Lubelski Lipiec ’80 - wysoka cena wolności
32. rocznicę strajków w 1980 r. nazwanych później Lubelskim Lipcem ’80 uczczono w niedzielę w Lublinie. Przed sierpniowymi protestami na Wybrzeżu na Lubelszczyźnie zastrajkowało ponad 150 zakładów pracy.
W kościele pw. Matki Bożej Królowej Polski, w robotniczej dzielnicy Lublina Tatary, odprawiona została msza św. w intencji Ojczyzny i odsłonięto tablicę poświęconą działaczom Solidarności represjonowanym w latach 1980-1989.
Kwiaty złożono w miejscach upamiętnienia protestów: pod Pomnikiem Wdzięczności ustawionym w pobliżu nieistniejących już zakładów naprawy samochodów oraz pod tablicą pamiątkową umieszczoną przy bramie dawnej Fabryki Samochodów Ciężarowych.
W uroczystościach uczestniczyli działacze Solidarności, parlamentarzyści, przedstawiciele władz wojewódzkich i miejskich, poczty sztandarowe organizacji społecznych.
- Polsce wolność nigdy sama nie przychodziła, zawsze trzeba było płacić za nią cenę wysoką, najczęściej życia, ale był taki etap, kiedy nie trzeba było płacić krwią.
Należy o tym pamiętać i przekazywać wiedzę o tym kolejnym pokoleniom - powiedział Król.
Jako pierwsza na Lubelszczyźnie, 8 lipca 1980 r., zastrajkowała załoga zakładów w PZL Świdnik. Bezpośrednim impulsem do przerwania pracy była podwyżka cen w zakładowej stołówce, dlatego później mówiono, że "zaczęło się od kotleta". Protestujący robotnicy wybrali swoich przedstawicieli i rozpoczęli rozmowy z władzami.

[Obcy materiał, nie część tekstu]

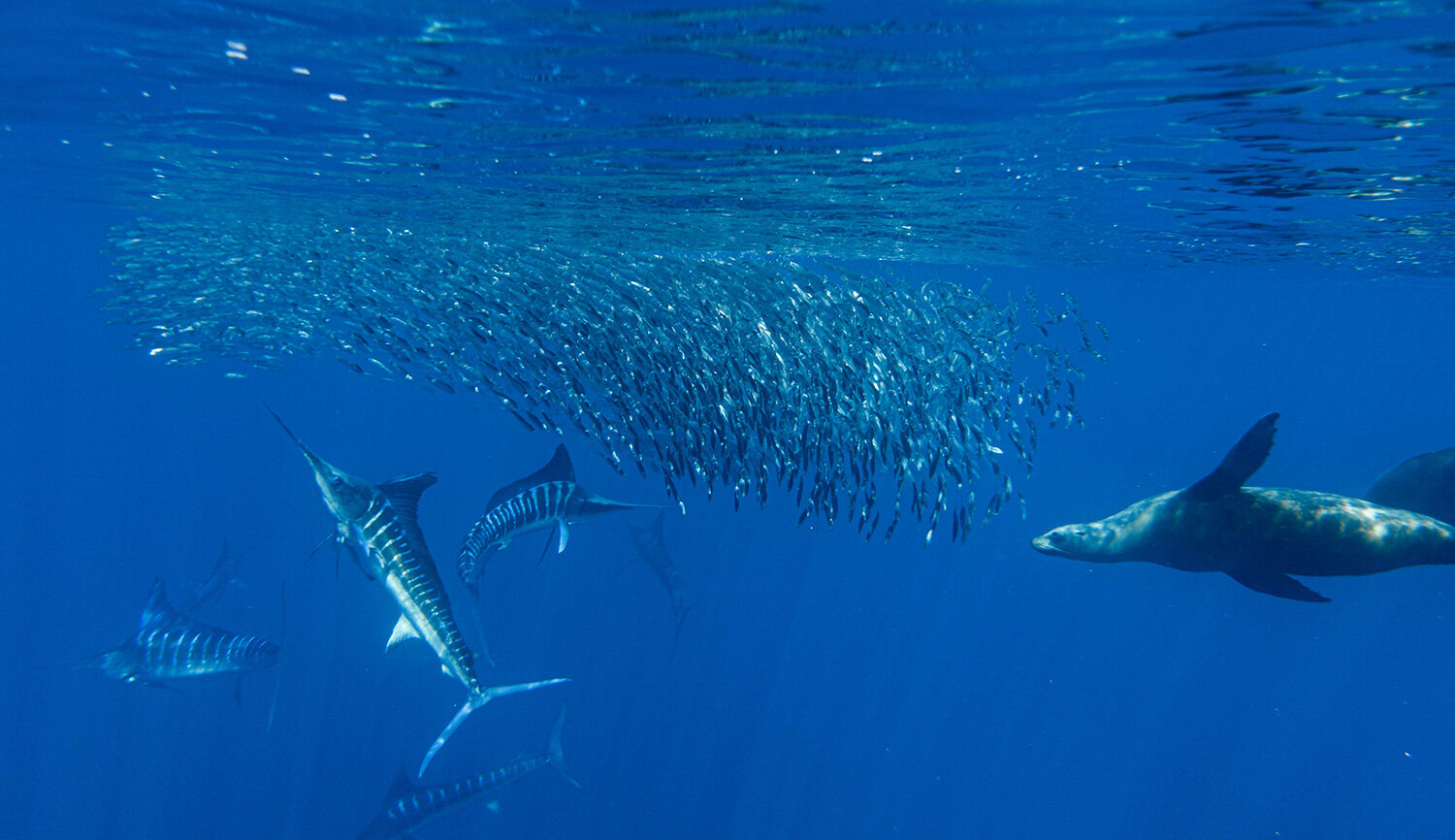 Join Bluewater Travel for one of the most thrilling big-animal experiences in the Pacific, encountering striped marlin hunting bait balls during the sardine run in Magdalena Bay.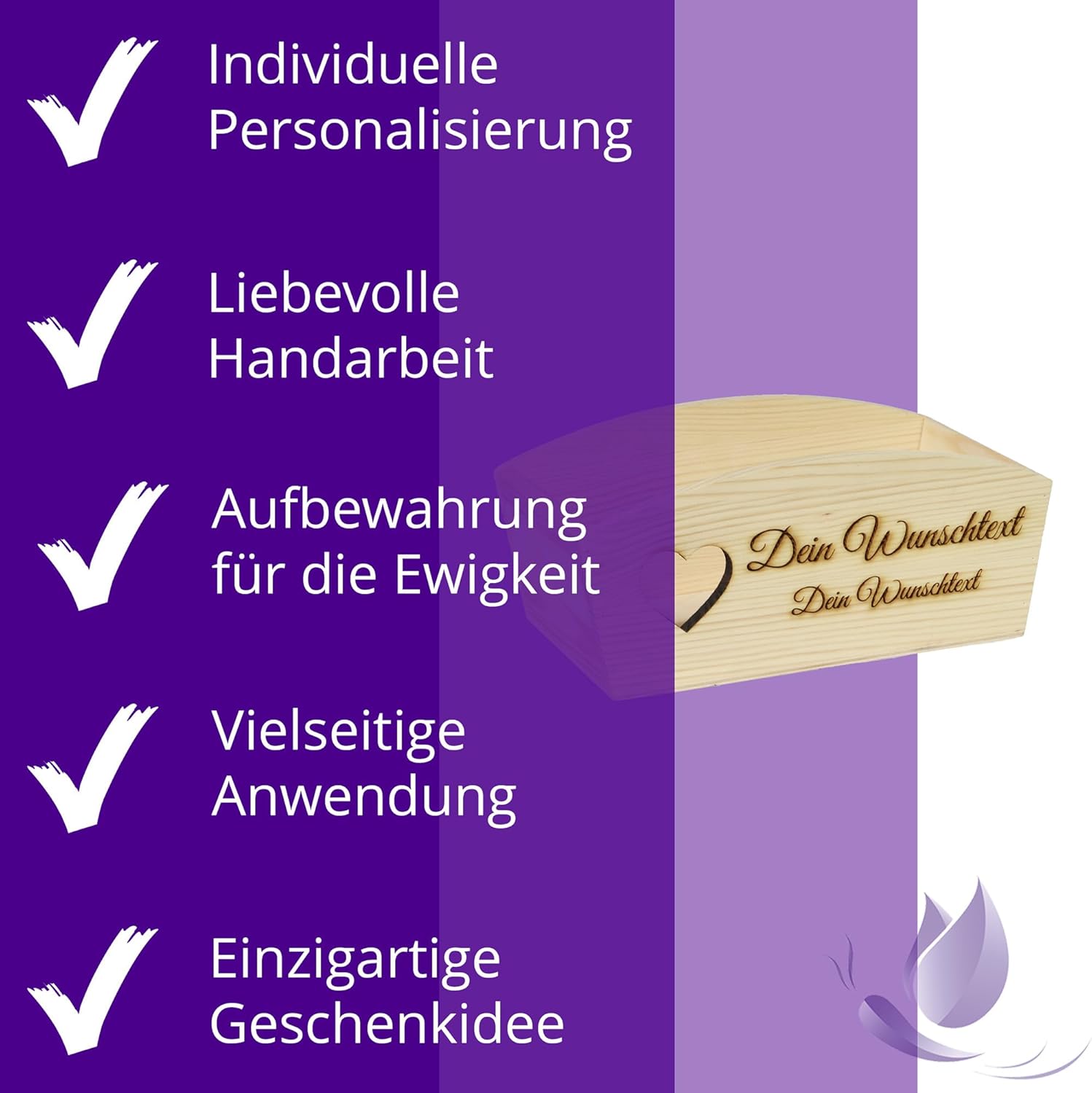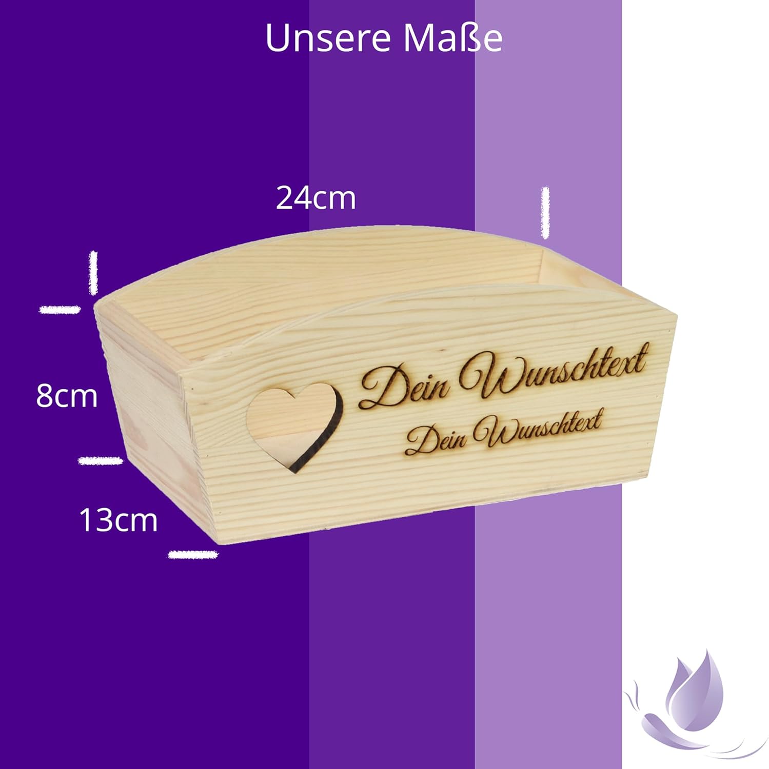 Geburtstags-Präsentkörbe – Geschenkkorb mit personalisiertem Text mit Herz, 24 x 13 x 8 cm, abgerundet, aus Holz, Geschenkidee, Holzkiste, Hochzeit, Geburtstag, Ruhestand, personalisiert

Protest w Świdniku rozpoczął falę strajków w całym regionie. 19 lipca strajkowało w Lublinie 50 zakładów. Stanął węzeł kolejowy i komunikacja miejska. Dołączały przedsiębiorstwa m.in. w Kraśniku, Chełmie, Lubartowie, Puławach, Poniatowej, Zamościu. W sumie zastrajkowało ponad 150 zakładów i około 50 tys. pracowników.
Robotnicy nie wyszli na ulice, zakładali komitety strajkowe, pertraktowali z władzami.
W Lokomotywowni PKP żądali nowych wyborów do władz związków zawodowych i niezależnych rad pracowniczych, a w Fabryce Samochodów Ciężarowych - wolnej prasy.
Strajki na Lubelszczyźnie, nazwane potem Lubelskim Lipcem '80, trwały ponad dwa tygodnie. Wkrótce po ich wygaśnięciu rozpoczęły się protesty na Wybrzeżu, które doprowadziły do podpisania porozumień o utworzeniu niezależnych związków zawodowych.